1.ECLI:NL:RVS:2019:1603, hierna wordt deze uitspraak aangehaald als: de PAS-uitspraak.
2.Verweerder wijst in dit verband onder meer op de uitspraak van de rechtbank Zeeland West-Brabant van 23 december 2019, ECLI:NL:RBZWB:5891.
3.Verweerder wijst op het daartoe aangenomen amendement: Kamerstukken Tweede kamer, 2020/2021, 35600, nr. 19.
4.Zie ECLI:NLRVS:2018:34 en ECLI:NL:RVS:2014:3885.

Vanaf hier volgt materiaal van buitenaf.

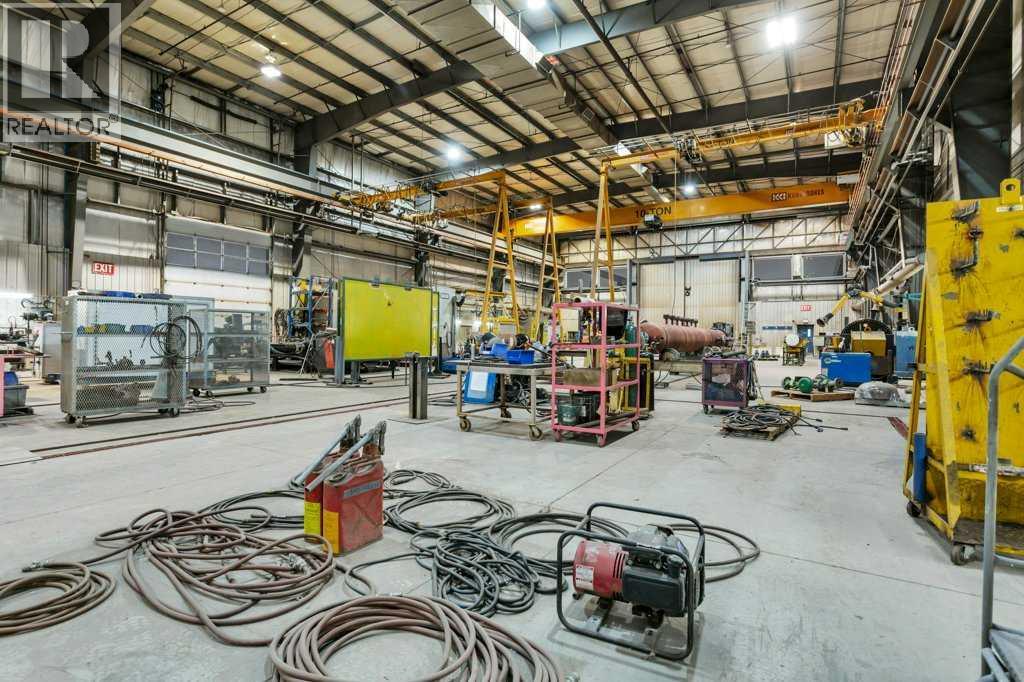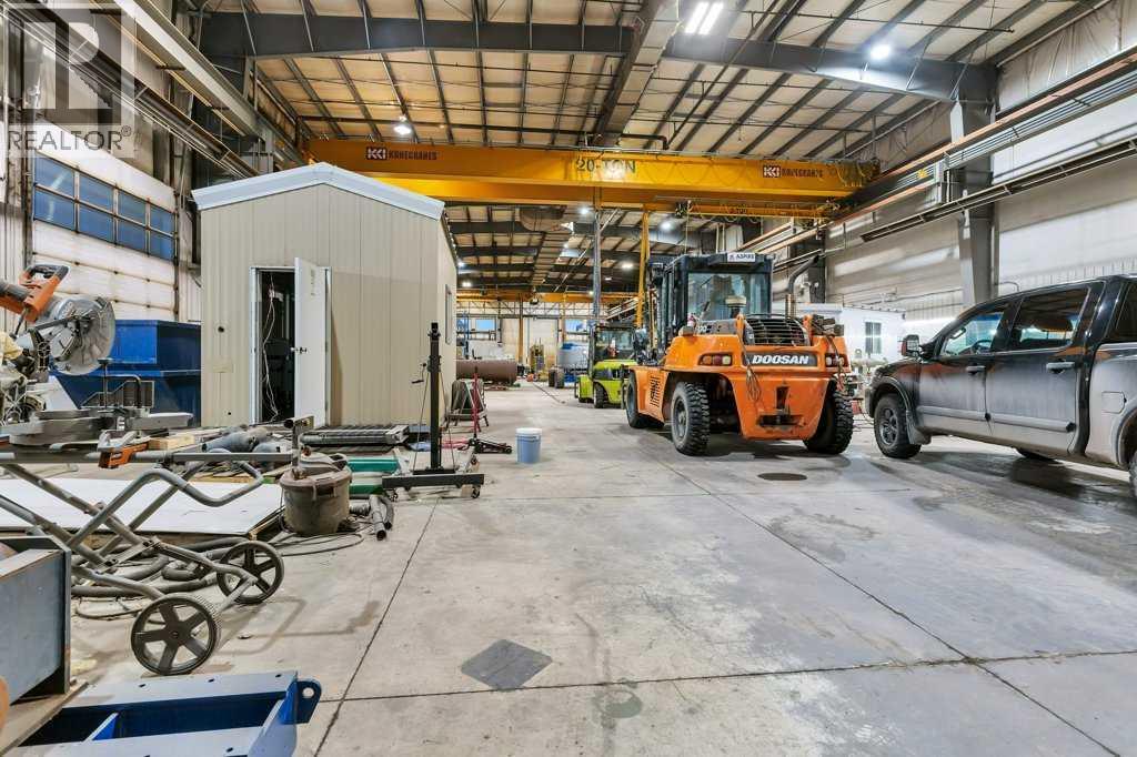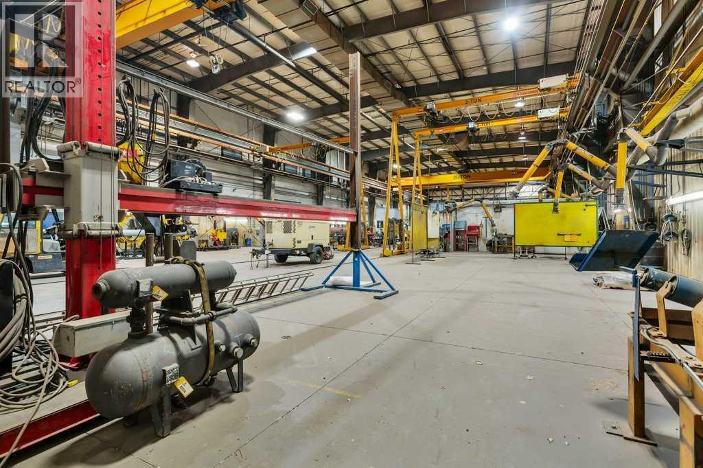 Now offering "For Lease" in the fast paced and quickly expanding area of Gasoline Alley next to the south end of Red Deer, AB. A well maintained and equipped 45,553 sqft office / shop / manufacturing facility on approximately 5 acres. 2 story multiple office area and an attached 29,200 plus sqft shop, detached cold storage building, sandblasting building, and storage tent. The shop consists of a 10 ton and 20 ton crane on the east and west ends of the shop that are capable of travelling to the exterior of the shop on a crane rail. (4) 2 ton cranes located throughout the interior of the shop. Fume extraction systems for welding, compressed air systems and floor drain / sump system. Large paint bay in the main shop with a steel partition door and a smaller detached heated enclosed paint bay outside. 22' wide x 18' high bay doors in the main shop with various other overhead doors. 120/240/480/600 volt availability. Centralized make up air unit. 6 zone radiant heaters. Lunch rooms, locker room areas, multiple washrooms. Lease rates are as follows: Office space $15.00 per sqft plus $4.50 per sqft additional rent. Shop space $12.00 per sqft plus $4.50 per sqft additional rent. Detached heated paint bay $12.00 per sqft plus $4.50 per sqft additonal rent. Cold storage building, sandblasting building and tent $5.00 per sqft. (id:63190)

5.Vereniging Leefmilieu wijst in dit verband op de uitspraak van de rechtbank Noord-Nederland van 18 november 2022, ECLI:NL:RBNNE:2022:4412.
6.Vereniging Leefmilieu wijst in dit verband op de uitspraak van de Afdeling van 2 november 2022, ECLI:NL:RVS:2022:3159.
7.Vereniging Leefmilieu wijst in dit verband op de uitspraak van de Afdeling van 12 juli 2017, ECLI:NL:RVS:2017:1852.
9.Verweerder wijst naar de uitspraken van de Afdeling van 1 december 2010, ECLI:NL:EVS:2020:BO5702, 17 juni 2015, ECLI:NL:RVS;2015:1864 en 26 juli 2006, ECLI:NL:RVS:2006:AY5093.
10.Zie bijvoorbeeld de uitspraak van 24 juni 2009, ECLI:NL:RVS:2009:BI9718.